Человек, который способен произносить зажигательные речи, писать ученые трактаты с толкованиями Корана. Но совершенно не представляющий, как действовать в условиях тайной подготовки мятежа или в боевых действиях против правительства. Ни в мишарском ауле, ни в татарском медресе этому не учили. (Напротив, башкирских имамов, например, Исхака-муллу и Худайберды-муллу в том же 1755 году, этому учить было не нужно — их веками учил сам быт самого мятежного народа России до кавказских войн). Отсюда его растерянность, когда наступило время реальных действий. Из этого примера ясно видно, что было бы, если бы «фактическими руководителями всех без исключения башкирских восстаний были татарские муллы» (70, с.133), как хочется Ф.Г.Ислаеву. Боюсь, что в этом случае восстаний бы просто не было, и по Башкирии безнаказанно разъезжали бы «воинские контингенты» в 15 человек, как это происходило в стране поволжских татар (см. выше).

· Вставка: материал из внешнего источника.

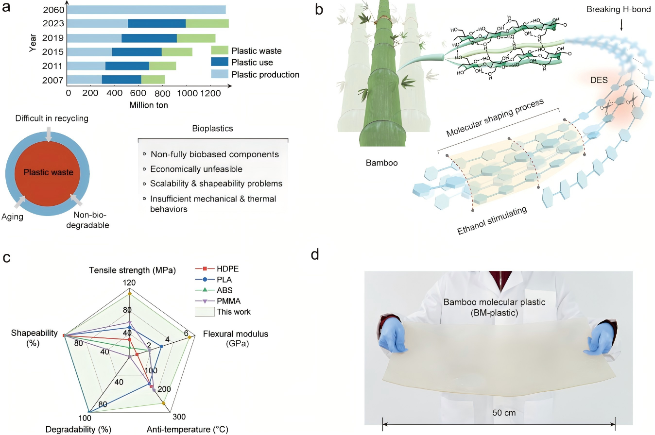 全球每年超亿吨的塑料产量与日益严峻的白色污染影响下,开发兼具高性能、可塑性、全降解及可循环再利用的生物基塑料是解决当下石化塑料污染物问题的有效途径。天然竹纤维具有高度结晶的多级结构,其分子链间致密的氢键网络赋予了纤维高的机械刚度,但也导致了本征脆性和难以加工的问题。传统物理或化学改性方法难以在破坏其刚性网络的同时,重建出有序氢键网络结构,突围以上的困境。

Воззвания и «Письмо Батырши» — замечательный памятник башкирской и татарской литературы. Но кому помогли они в период 1755 года? К сожалению, более всего — правительству. Что делает Батырша? Придя к мысли о необходимости восстания, он, естественно, пытается выяснить настроение людей (17, с.82). И выясняет, что мишари и татары проявляют недовольство, а башкиры уже готовят вооруженное выступление (17, с.82-87). Готовят тайно, как и полагается в подобных случаях. Из его «Письма» видно, как ревностно они оберегали свою тайну, как не доверяли ее чужим, в особенности — татарским муллам, с каким трудом он пытался пробиться сквозь эту стену недоверия и молчания, чтобы установить контакт с истинными руководителями мятежа (17, с.83, 86-87, 96). Убедившись в искренности Батырши, башкиры посвящают его — не в имена и подробности, а в главное, — да, они готовят восстание «башкир всех 4 дорог». И если Батырша действительно говорит от имени мишарей, как он заявлял (а он вновь выдавал желаемое за действительное) или от туманно обозначенных им «всех мусульман», — они будут очень рады его помощи и благословению.

Интересно, что после бесплодных попыток Батырши выйти на связь с настоящими руководителями мятежа, они сами выходят на нее, причем выходят так, что он даже толком не знает, и может только догадываться, кто именно на него вышел (17, с.87, 100-101). Именно так и должны действовать настоящие организаторы — скрытно, смело и осмотрительно.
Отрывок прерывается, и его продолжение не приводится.